• [Exercise requirements]
Range to output from the entries below: the line containing "- db.t3.micro 또는" through the line containing "The set can". Set it down exactly, ends included, nothing else.

Data for this exercise Start Marker

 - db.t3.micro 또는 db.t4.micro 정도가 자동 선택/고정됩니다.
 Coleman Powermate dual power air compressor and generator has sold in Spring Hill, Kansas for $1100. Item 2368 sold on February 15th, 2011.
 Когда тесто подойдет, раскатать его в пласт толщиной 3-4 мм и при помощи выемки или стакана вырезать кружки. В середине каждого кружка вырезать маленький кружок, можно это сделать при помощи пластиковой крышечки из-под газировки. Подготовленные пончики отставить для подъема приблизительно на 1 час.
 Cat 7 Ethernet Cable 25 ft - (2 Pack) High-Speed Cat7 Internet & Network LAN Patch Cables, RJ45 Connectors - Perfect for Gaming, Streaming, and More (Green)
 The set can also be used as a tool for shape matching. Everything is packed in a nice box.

Data for this exercise End Marker
Data for this exercise Start Marker

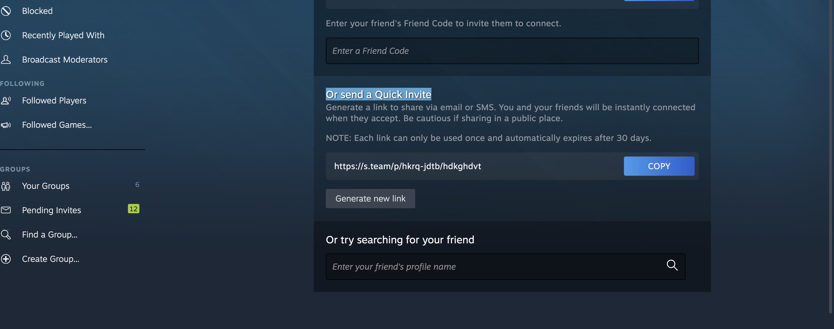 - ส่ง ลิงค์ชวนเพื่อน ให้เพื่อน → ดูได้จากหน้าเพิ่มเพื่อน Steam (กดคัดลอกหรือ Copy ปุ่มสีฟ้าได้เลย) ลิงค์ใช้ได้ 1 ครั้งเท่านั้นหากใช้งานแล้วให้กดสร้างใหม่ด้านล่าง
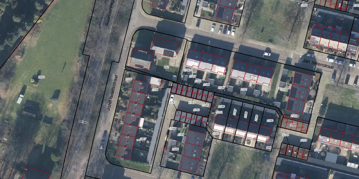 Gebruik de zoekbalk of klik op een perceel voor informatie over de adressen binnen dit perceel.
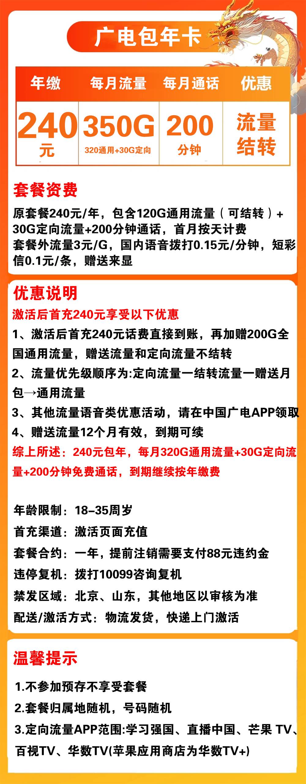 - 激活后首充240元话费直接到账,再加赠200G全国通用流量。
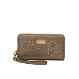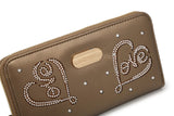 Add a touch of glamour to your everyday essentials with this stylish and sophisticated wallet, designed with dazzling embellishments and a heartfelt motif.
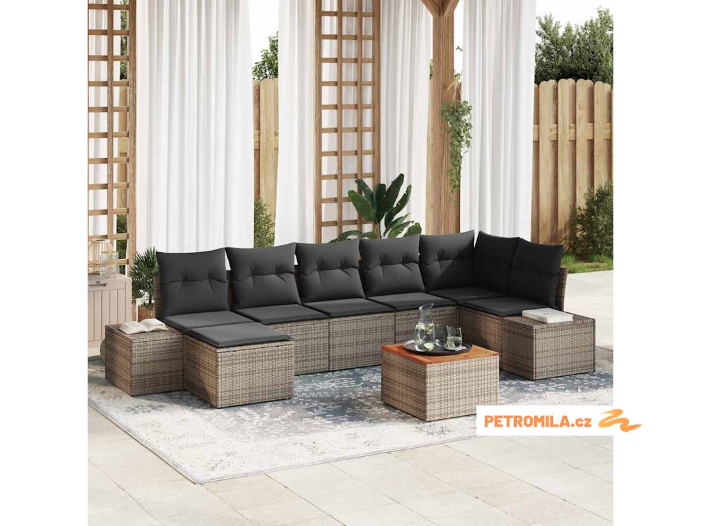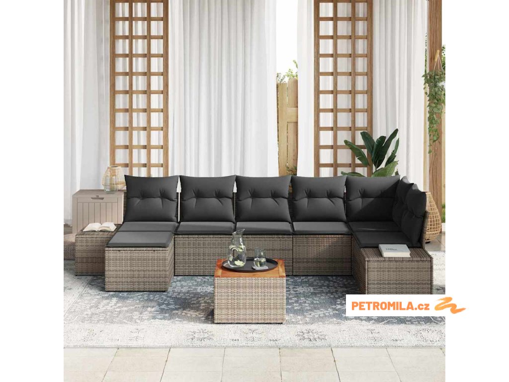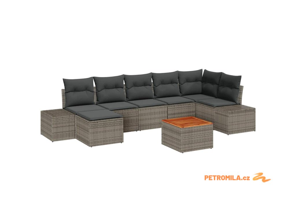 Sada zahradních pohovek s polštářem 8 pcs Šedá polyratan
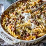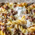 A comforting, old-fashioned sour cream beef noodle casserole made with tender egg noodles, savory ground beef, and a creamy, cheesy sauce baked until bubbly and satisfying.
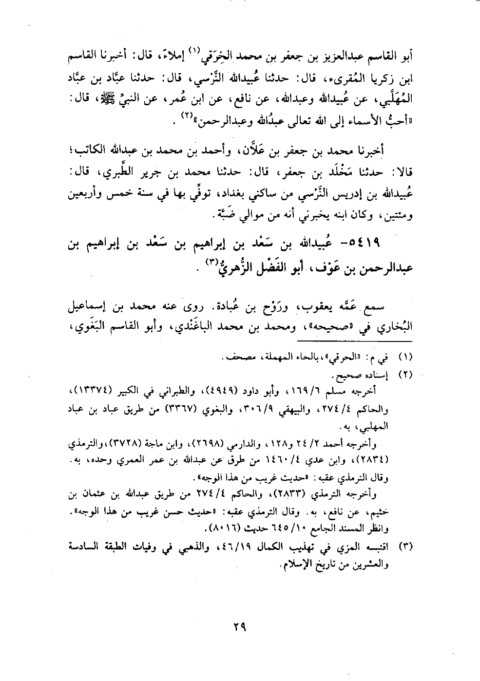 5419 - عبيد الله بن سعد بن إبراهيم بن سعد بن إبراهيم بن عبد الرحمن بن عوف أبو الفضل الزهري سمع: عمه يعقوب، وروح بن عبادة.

Data for this exercise End Marker

• [Solved problem]
 - db.t3.micro 또는 db.t4.micro 정도가 자동 선택/고정됩니다.
 Coleman Powermate dual power air compressor and generator has sold in Spring Hill, Kansas for $1100. Item 2368 sold on February 15th, 2011.
 Когда тесто подойдет, раскатать его в пласт толщиной 3-4 мм и при помощи выемки или стакана вырезать кружки. В середине каждого кружка вырезать маленький кружок, можно это сделать при помощи пластиковой крышечки из-под газировки. Подготовленные пончики отставить для подъема приблизительно на 1 час.
 Cat 7 Ethernet Cable 25 ft - (2 Pack) High-Speed Cat7 Internet & Network LAN Patch Cables, RJ45 Connectors - Perfect for Gaming, Streaming, and More (Green)
 The set can also be used as a tool for shape matching. Everything is packed in a nice box.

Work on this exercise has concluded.